YOUR ASSIGNMENT
Write out exactly, and only, the lines from the one containing "Các ngoại tệ" through the last line of the listing below.

· · · · ·

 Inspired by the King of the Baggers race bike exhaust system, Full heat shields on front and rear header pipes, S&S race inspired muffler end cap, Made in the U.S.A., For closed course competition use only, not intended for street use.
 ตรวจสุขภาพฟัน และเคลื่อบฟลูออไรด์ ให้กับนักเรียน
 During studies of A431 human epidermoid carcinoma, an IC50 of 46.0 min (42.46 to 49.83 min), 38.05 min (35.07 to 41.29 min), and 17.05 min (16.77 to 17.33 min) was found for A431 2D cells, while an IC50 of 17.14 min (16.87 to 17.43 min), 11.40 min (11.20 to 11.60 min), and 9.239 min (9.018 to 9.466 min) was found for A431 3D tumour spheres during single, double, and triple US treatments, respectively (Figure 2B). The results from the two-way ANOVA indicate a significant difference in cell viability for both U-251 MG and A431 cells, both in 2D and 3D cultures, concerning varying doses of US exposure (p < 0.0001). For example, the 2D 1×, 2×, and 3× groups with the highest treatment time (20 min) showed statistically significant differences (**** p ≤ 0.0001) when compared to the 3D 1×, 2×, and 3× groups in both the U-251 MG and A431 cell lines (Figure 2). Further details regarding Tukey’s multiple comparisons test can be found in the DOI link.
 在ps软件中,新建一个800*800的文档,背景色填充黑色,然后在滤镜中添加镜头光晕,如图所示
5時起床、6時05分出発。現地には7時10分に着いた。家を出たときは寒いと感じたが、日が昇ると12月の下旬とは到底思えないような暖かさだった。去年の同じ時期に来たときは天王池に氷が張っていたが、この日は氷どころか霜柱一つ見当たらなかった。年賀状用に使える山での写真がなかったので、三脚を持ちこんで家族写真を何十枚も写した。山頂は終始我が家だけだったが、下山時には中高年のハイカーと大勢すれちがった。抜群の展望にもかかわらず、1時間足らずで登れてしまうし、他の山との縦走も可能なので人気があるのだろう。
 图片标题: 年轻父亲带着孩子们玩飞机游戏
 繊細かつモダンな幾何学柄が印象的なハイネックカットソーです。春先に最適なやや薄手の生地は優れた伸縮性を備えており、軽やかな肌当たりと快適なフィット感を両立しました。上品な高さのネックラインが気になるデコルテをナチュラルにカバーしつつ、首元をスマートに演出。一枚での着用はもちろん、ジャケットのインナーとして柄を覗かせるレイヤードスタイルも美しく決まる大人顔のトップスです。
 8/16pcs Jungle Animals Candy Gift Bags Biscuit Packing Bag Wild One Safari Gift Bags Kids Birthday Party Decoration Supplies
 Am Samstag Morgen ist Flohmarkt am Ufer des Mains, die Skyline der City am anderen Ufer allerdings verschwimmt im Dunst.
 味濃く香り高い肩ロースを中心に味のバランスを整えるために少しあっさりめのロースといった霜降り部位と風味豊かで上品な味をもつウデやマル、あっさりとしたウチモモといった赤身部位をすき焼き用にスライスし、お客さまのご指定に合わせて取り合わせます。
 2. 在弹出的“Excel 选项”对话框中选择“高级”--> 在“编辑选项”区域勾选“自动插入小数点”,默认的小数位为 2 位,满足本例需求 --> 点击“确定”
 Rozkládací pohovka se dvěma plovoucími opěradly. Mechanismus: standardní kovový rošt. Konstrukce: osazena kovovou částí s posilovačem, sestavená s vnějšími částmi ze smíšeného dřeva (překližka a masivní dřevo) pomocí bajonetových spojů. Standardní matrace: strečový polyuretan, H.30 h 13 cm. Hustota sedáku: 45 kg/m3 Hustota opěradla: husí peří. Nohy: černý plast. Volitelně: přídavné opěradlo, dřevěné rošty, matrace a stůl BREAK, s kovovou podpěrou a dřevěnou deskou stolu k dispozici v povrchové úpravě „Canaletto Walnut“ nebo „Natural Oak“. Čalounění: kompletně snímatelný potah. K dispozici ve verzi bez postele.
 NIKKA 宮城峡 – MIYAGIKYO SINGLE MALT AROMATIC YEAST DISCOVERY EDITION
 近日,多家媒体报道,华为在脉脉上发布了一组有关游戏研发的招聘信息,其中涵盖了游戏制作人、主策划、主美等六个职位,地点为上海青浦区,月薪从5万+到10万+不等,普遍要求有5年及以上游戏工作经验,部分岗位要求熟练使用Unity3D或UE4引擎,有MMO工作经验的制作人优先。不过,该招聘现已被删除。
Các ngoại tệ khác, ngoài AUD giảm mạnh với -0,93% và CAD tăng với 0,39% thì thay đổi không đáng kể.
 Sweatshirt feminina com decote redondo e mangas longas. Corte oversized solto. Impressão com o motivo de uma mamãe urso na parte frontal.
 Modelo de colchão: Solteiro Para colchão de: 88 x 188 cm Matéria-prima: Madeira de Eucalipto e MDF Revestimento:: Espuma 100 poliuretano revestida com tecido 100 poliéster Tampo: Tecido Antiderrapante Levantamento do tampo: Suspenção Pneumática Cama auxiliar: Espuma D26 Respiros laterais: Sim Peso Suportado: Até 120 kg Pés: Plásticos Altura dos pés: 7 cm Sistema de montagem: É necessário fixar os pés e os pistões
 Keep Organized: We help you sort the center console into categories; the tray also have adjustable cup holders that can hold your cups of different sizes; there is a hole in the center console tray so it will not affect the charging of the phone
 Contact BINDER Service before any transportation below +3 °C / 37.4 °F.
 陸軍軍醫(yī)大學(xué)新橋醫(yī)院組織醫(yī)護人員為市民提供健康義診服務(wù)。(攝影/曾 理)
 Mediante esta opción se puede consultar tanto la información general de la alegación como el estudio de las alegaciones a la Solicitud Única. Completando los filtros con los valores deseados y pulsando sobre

· · · · ·

ANSWER BOX
Các ngoại tệ khác, ngoài AUD giảm mạnh với -0,93% và CAD tăng với 0,39% thì thay đổi không đáng kể.
 Sweatshirt feminina com decote redondo e mangas longas. Corte oversized solto. Impressão com o motivo de uma mamãe urso na parte frontal.
 Modelo de colchão: Solteiro Para colchão de: 88 x 188 cm Matéria-prima: Madeira de Eucalipto e MDF Revestimento:: Espuma 100 poliuretano revestida com tecido 100 poliéster Tampo: Tecido Antiderrapante Levantamento do tampo: Suspenção Pneumática Cama auxiliar: Espuma D26 Respiros laterais: Sim Peso Suportado: Até 120 kg Pés: Plásticos Altura dos pés: 7 cm Sistema de montagem: É necessário fixar os pés e os pistões
 Keep Organized: We help you sort the center console into categories; the tray also have adjustable cup holders that can hold your cups of different sizes; there is a hole in the center console tray so it will not affect the charging of the phone
 Contact BINDER Service before any transportation below +3 °C / 37.4 °F.
 陸軍軍醫(yī)大學(xué)新橋醫(yī)院組織醫(yī)護人員為市民提供健康義診服務(wù)。(攝影/曾 理)
 Mediante esta opción se puede consultar tanto la información general de la alegación como el estudio de las alegaciones a la Solicitud Única. Completando los filtros con los valores deseados y pulsando sobre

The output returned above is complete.